On July 28, 1965, President Johnson nominated Fortas as an associate justice of the United States Supreme Court, to succeed Arthur Goldberg, who had resigned to become the U.S. Ambassador to the United Nations following the death of Adlai Stevenson. Johnson persuaded Goldberg to leave the Court for the U.N. in part because he wanted Fortas on the Court. Johnson thought that some of his "Great Society" reforms could be ruled unconstitutional by the Court and felt that Fortas would let him know if that was to happen. The nomination was given a favorable recommendation by the Senate Judiciary Committee two weeks later, following a one-day public hearing. He was confirmed by the U.S. Senate on August 11, 1965, and took the judicial oath of office on October 4, 1965. His appointment ensured the continuation of the Warren Court's liberal majority.
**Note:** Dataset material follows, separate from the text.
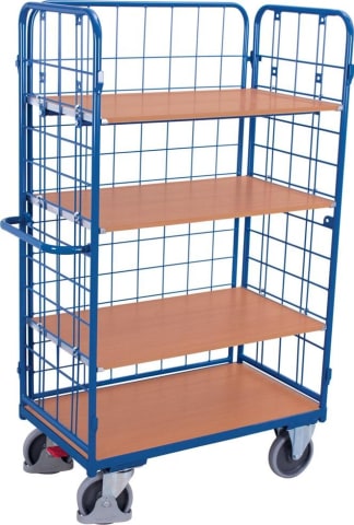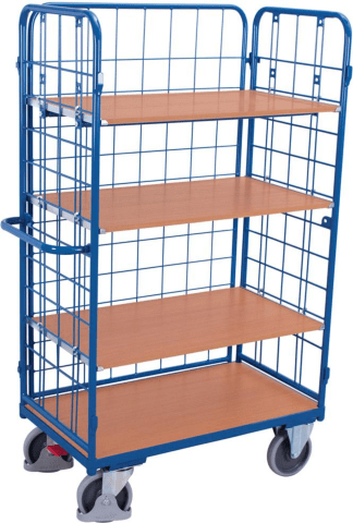 Etagenwagen mit 3 Stahlrohrwänden, 4 Böden • Stahlrohr-/Profilstahl-Konstruktion: geschweißt, pulverbeschichtet • Schraubverbindung: europäisches Patent Nr. 03 015 642.6 und deutsches Patent Nr. 103

The seat Fortas occupied on the Court had come to be informally known as the "Jewish seat," as his three immediate predecessors—Goldberg, Felix Frankfurter and Benjamin Cardozo—were also Jewish.

Fortas continued to serve as an adviser to Johnson after becoming an associate justice. He attended White House staff meetings, advising the president on judicial nominations and discussing private Supreme Court deliberations with him. In 1966, he substantially edited an initial version of Johnson's State of the Union Address.

In 1968, Fortas wrote a book called Concerning Dissent and Civil Disobedience.

Fortas's law clerks included future Under Secretary of Defense for Policy Walter B. Slocombe and Martha A. Field, a scholar of constitutional law, family law, and bioethics.

=== FBI and Justice Fortas ===
In 1966, Justice Fortas informed the FBI and White House about the Fred B. Black, Jr. warrantless bugging case pending before the High Court. This included revealing conference room discussions, lobbying the justices in favor of the FBI position that this was Robert F. Kennedy's fault not J. Edgar Hoover's. This was done despite Fortas disqualifying himself from the case. The next year, Director Hoover both blackmailed and protected Justice Fortas after an allegation of sexual misconduct with a teenager. Fortas denied this allegation. Justice Fortas continued to rule on cases involving the FBI.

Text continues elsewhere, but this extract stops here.